## SUPPLIED INFORMATION:
----------------
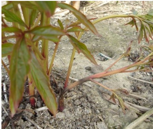
Foto 3. Door Phytophthora aangetaste scheut
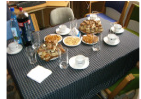
Vi bydes på cola, vand, kaffe og kager

Fredag formiddag besøgte vi skolen i Dubova. Vi ville give børnene nogle af de Lego klodser, vi har fået fra danske børn. Inden vi fik lov til at træffe børnene blev vi budt på kaffe m.m. på lærerværelset.
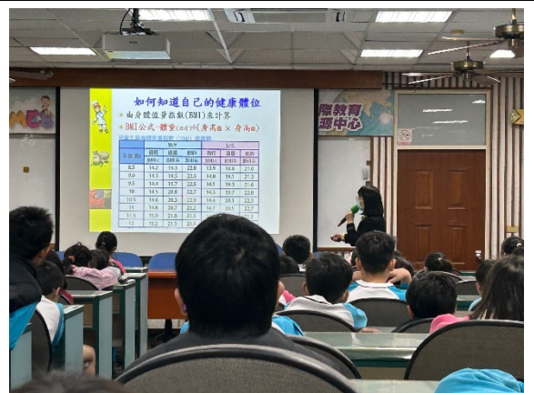
邀請市立醫院辦理健康體位講座
----------------
Tell how many lines of the data above include the string "kaffe", with no other text in the answer.

## TASK RESPONSE:
2